• [PROVIDED DATA]

==============================

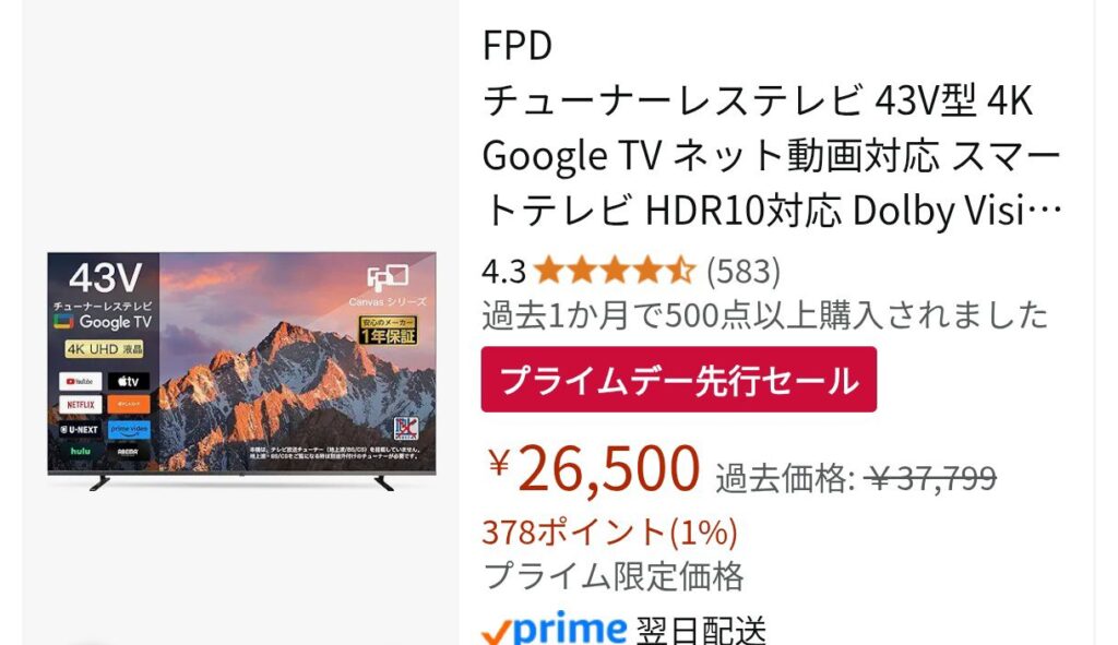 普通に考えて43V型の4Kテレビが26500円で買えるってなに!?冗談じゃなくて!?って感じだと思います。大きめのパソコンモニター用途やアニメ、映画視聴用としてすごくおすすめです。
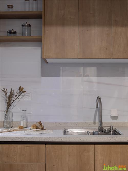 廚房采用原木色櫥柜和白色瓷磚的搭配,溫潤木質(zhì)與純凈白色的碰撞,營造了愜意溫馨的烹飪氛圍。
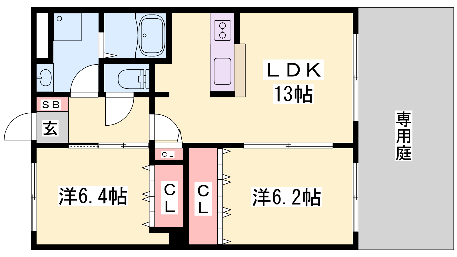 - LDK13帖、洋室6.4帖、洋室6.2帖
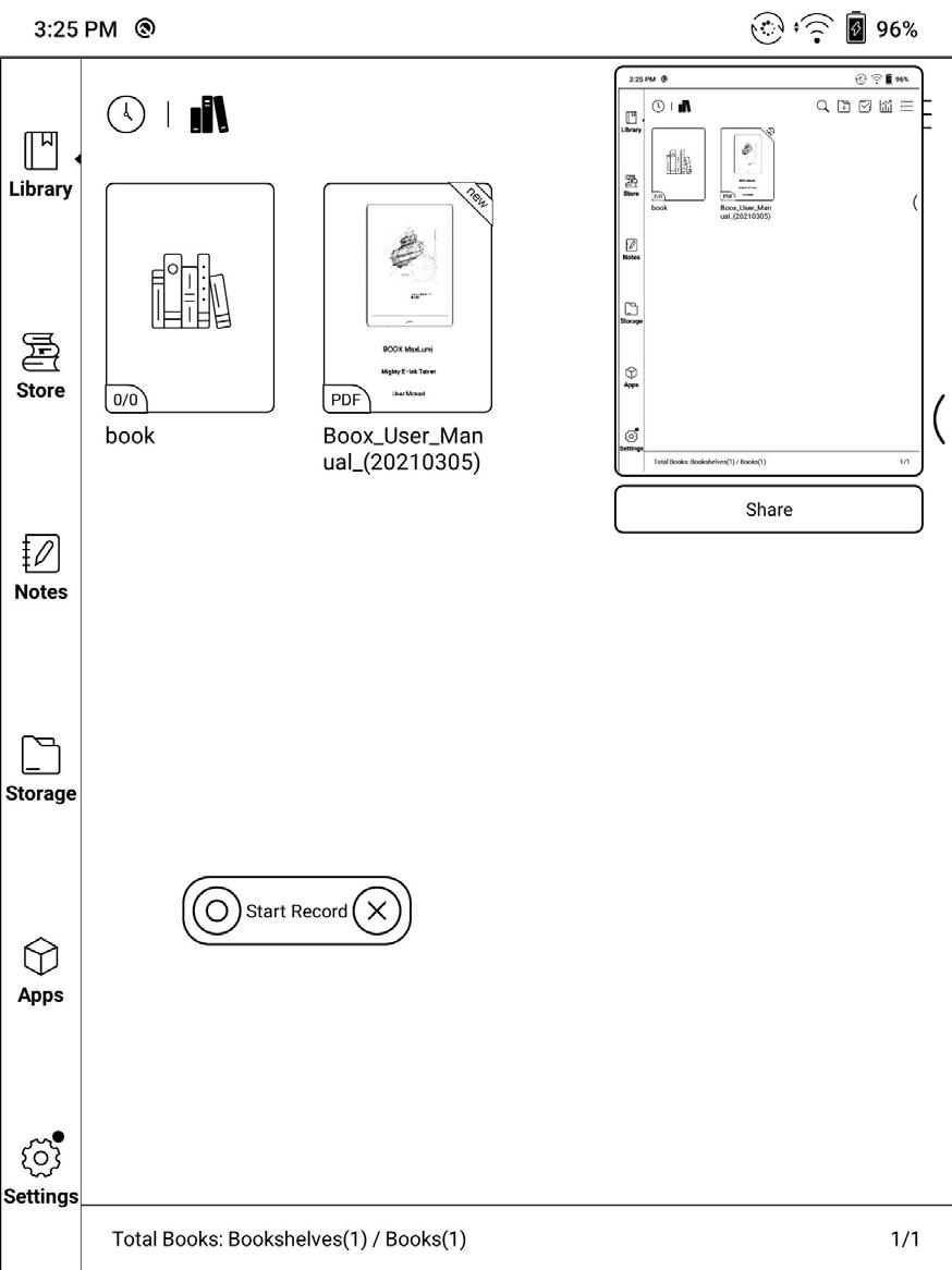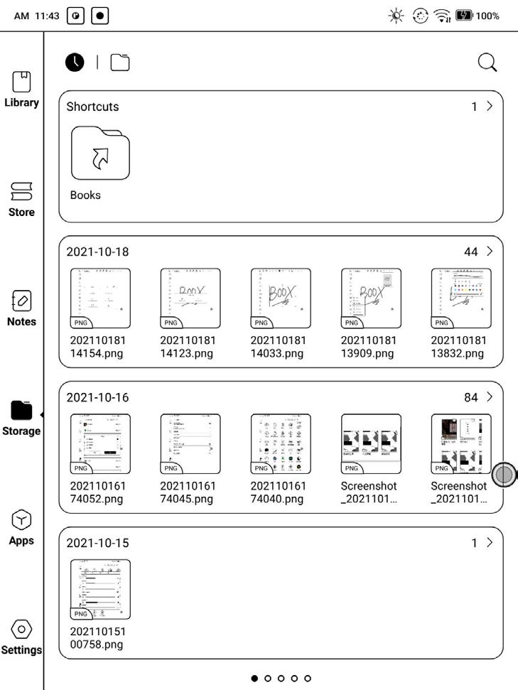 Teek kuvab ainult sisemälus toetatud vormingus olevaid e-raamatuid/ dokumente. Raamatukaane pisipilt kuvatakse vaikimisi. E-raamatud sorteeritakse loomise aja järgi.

==============================

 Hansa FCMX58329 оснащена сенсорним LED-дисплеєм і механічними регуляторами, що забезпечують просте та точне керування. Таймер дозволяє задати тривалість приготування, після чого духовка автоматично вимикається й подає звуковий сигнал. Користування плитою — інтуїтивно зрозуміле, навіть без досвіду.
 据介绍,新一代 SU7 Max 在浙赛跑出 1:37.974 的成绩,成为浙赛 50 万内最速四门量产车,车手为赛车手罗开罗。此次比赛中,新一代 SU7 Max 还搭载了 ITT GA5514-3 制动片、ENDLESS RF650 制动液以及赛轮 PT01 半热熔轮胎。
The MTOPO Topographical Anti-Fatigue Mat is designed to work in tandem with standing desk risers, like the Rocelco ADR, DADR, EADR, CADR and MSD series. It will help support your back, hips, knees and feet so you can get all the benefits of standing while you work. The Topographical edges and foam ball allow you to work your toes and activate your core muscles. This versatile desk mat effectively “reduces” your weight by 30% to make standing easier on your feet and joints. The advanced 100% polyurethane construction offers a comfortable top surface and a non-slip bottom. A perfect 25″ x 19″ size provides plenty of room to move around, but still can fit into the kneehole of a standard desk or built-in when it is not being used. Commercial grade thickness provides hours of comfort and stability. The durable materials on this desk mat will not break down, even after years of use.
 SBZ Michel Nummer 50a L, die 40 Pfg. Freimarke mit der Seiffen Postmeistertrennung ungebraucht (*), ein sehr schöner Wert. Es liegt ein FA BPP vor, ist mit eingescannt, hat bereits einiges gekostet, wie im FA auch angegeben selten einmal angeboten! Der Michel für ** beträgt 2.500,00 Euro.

==============================

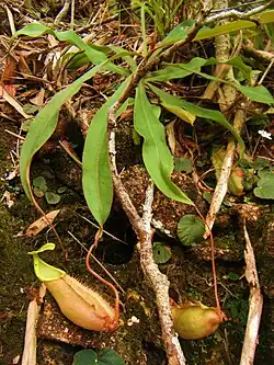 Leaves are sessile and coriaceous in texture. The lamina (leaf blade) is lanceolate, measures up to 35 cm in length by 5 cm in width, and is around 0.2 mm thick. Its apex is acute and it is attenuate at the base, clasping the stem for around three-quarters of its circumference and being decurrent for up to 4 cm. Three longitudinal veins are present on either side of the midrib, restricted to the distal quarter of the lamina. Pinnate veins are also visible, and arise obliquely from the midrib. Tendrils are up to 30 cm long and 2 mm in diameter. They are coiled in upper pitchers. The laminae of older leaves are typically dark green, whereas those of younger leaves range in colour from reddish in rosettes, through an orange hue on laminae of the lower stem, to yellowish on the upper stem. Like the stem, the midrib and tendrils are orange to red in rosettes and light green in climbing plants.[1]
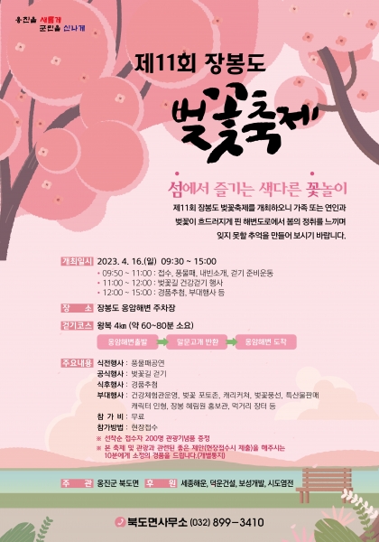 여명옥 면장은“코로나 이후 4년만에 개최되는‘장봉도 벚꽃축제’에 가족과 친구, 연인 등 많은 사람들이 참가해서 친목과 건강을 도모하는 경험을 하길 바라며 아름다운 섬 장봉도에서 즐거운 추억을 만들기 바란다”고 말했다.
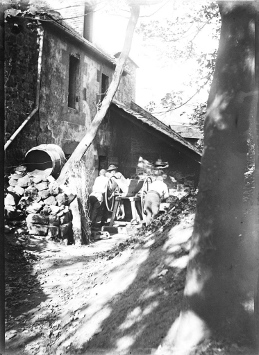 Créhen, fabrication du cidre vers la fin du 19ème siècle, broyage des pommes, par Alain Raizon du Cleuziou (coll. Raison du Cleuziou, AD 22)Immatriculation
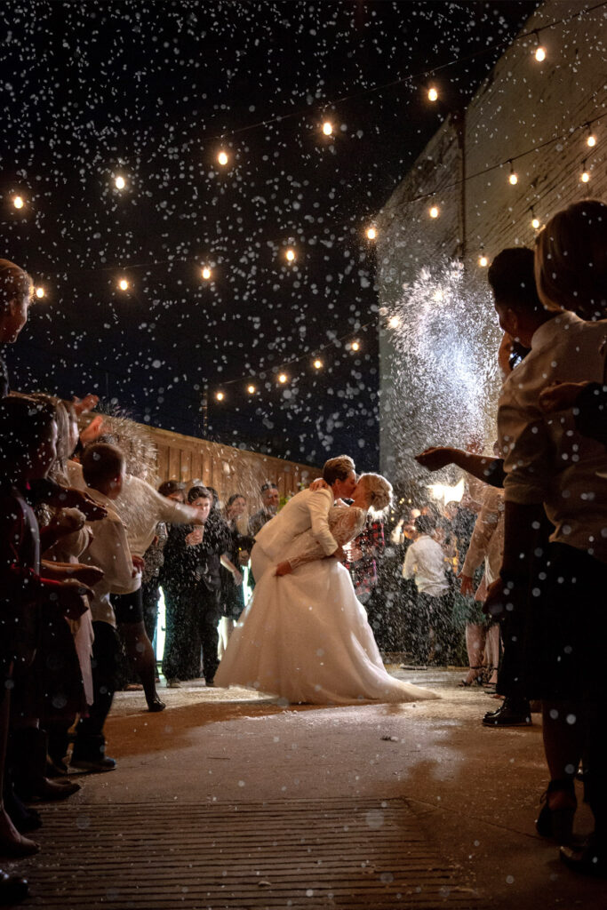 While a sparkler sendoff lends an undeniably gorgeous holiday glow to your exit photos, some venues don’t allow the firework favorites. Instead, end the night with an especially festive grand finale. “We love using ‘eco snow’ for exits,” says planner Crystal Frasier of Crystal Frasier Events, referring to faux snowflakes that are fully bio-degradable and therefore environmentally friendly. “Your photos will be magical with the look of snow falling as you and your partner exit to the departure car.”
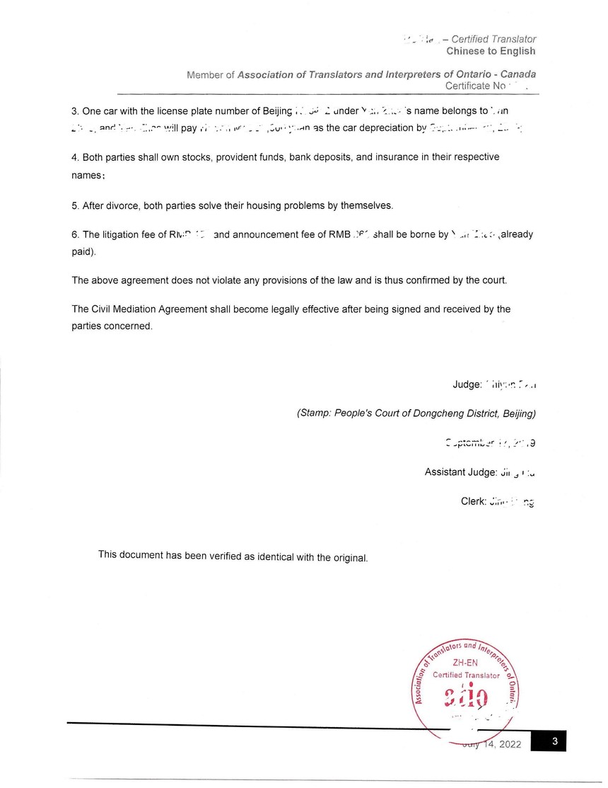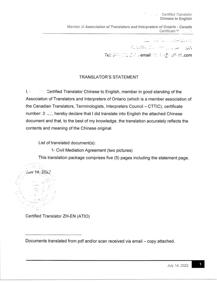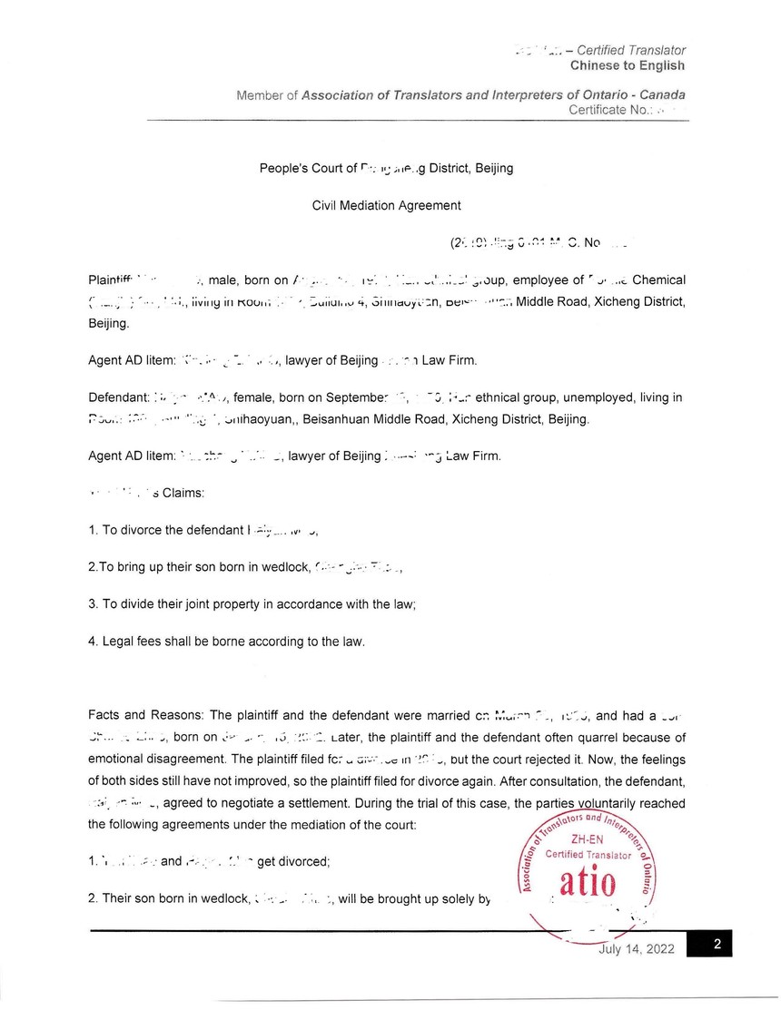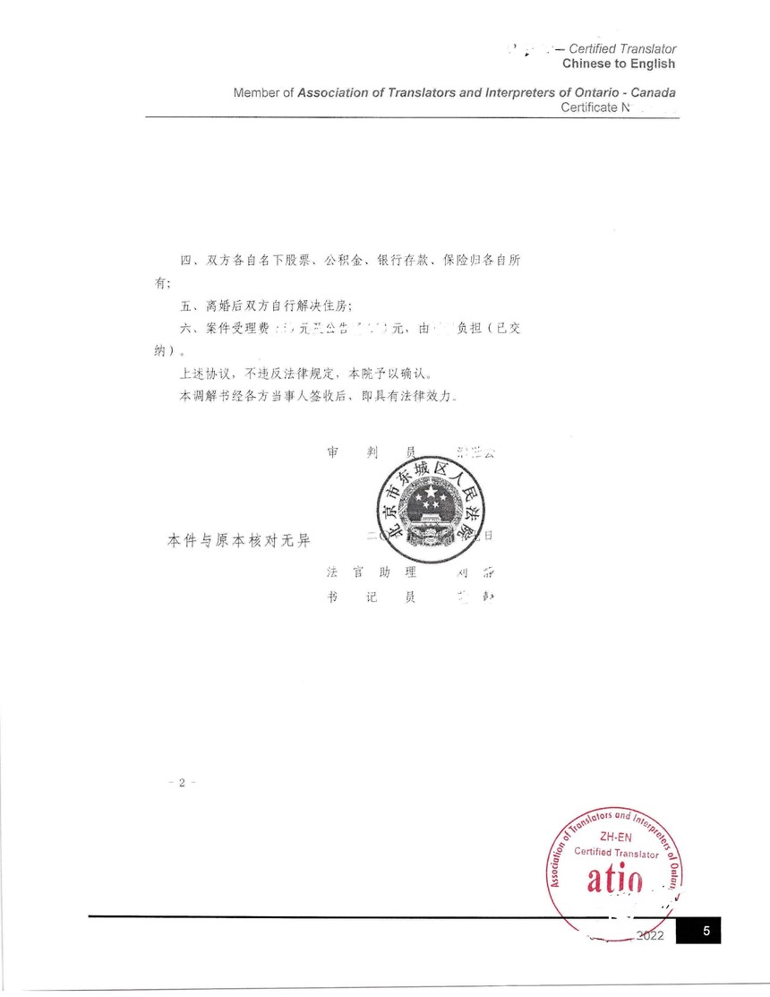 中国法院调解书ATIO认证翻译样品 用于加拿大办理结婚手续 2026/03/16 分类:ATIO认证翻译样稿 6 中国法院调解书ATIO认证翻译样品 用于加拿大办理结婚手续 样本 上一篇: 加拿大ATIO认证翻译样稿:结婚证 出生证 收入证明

==============================

• [WHAT NEEDS TO BE DONE] Copy only this from above: the line containing "이후 4년만에 개최되는‘장봉도", the line containing "中国法院调解书ATIO认证翻译样品 用于加拿大办理结婚手续 2026/03/16", and all lines between, printed exactly. Leave out the pictures.

• [FINISHED EXERCISE]
 여명옥 면장은“코로나 이후 4년만에 개최되는‘장봉도 벚꽃축제’에 가족과 친구, 연인 등 많은 사람들이 참가해서 친목과 건강을 도모하는 경험을 하길 바라며 아름다운 섬 장봉도에서 즐거운 추억을 만들기 바란다”고 말했다.
 Créhen, fabrication du cidre vers la fin du 19ème siècle, broyage des pommes, par Alain Raizon du Cleuziou (coll. Raison du Cleuziou, AD 22)Immatriculation
 While a sparkler sendoff lends an undeniably gorgeous holiday glow to your exit photos, some venues don’t allow the firework favorites. Instead, end the night with an especially festive grand finale. “We love using ‘eco snow’ for exits,” says planner Crystal Frasier of Crystal Frasier Events, referring to faux snowflakes that are fully bio-degradable and therefore environmentally friendly. “Your photos will be magical with the look of snow falling as you and your partner exit to the departure car.”
 中国法院调解书ATIO认证翻译样品 用于加拿大办理结婚手续 2026/03/16 分类:ATIO认证翻译样稿 6 中国法院调解书ATIO认证翻译样品 用于加拿大办理结婚手续 样本 上一篇: 加拿大ATIO认证翻译样稿:结婚证 出生证 收入证明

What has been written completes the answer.